구분	파라미터 (Parameter)	하이퍼파라미터 (Hyperparameter)
정의	모델이 학습하는 값	사람이 미리 설정하는 값
예시	가중치(W), 편향(b)	학습률, 배치 크기, 에포크 수
결정 주체	학습 알고리즘	개발자 (여러분!)
개수	수천~수십억 개	보통 5~20개
변경 시점	매 학습 스텝마다	학습 시작 전에 설정
비유	요리의 맛	레시피의 불 세기, 시간

2. 핵심 하이퍼파라미터 5가지

딥러닝에서 가장 중요한 하이퍼파라미터를 정리하면 다음과 같습니다.

하이퍼파라미터	역할	일반적 범위	비유
학습률 (Learning Rate)	한 번에 얼마나 업데이트할지	0.0001 ~ 0.1	산을 내려가는 보폭
배치 크기 (Batch Size)	한 번에 몇 개 데이터를 볼지	16 ~ 512	한 번에 채점하는 시험지 수
에포크 (Epochs)	전체 데이터를 몇 번 반복할지	10 ~ 1000	교과서를 몇 번 읽을지
은닉층 수 (Depth)	네트워크의 깊이	1 ~ 10	건물의 층수
은닉 유닛 수 (Width)	각 층의 뉴런 수	32 ~ 1024	각 층의 방 개수

3. 학습률: 가장 중요한 하이퍼파라미터

학습률은 경사하강법에서 한 스텝의 크기를 결정합니다. 이것 하나만 잘못 설정해도 모델이 전혀 학습하지 못할 수 있습니다.

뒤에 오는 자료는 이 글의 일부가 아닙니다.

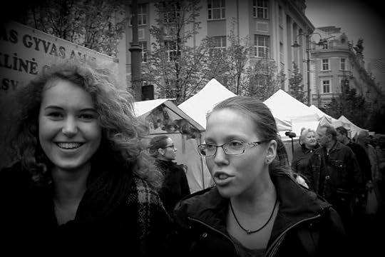 - Ещё у меня в ленте пишут, что вчера по центру Вильнюса ходили светящиеся великаны с волшебными палочками и прикасались светом ко всему вокруг. Это потому, что у нас теперь город колдунов. Всё-таки я его очень хорошо переписываю :)

비유: 산꼭대기에서 골짜기(최솟값)를 찾아 내려간다고 상상해 보세요.

•학습률이 너무 크면: 성큼성큼 걷다가 골짜기를 지나쳐 반대편 산으로 올라갑니다

•학습률이 너무 작으면: 아기 걸음으로 가니 해가 져도 산 중턱에 있습니다

•적절한 학습률: 적당한 보폭으로 효율적으로 골짜기에 도달합니다

실행해보기: 학습률에 따른 수렴 비교

python
import numpy as np
import matplotlib.pyplot as plt

# 간단한 2차 함수: f(x) = x^2 (최솟값은 x=0)
def f(x):
    return x ** 2

def gradient(x):
    return 2 * x

# 다양한 학습률로 경사하강법 실행
learning_rates = [0.001, 0.1, 0.5, 0.9, 1.05]
labels = ["lr=0.001 (너무 작음)", "lr=0.1 (적당)", "lr=0.5 (적당-빠름)", "lr=0.9 (위험)", "lr=1.05 (발산!)"]
colors = ["blue", "green", "orange", "red", "purple"]

fig, axes = plt.subplots(1, 2, figsize=(14, 5))

ax1 = axes[0]
for lr, label, color in zip(learning_rates, labels, colors):
    x = 5.0
    x_history = [x]
    for step in range(30):
        x = x - lr * gradient(x)
        x_history.append(x)
        if abs(x) > 100:
            break
    ax1.plot(x_history, label=label, color=color, linewidth=2)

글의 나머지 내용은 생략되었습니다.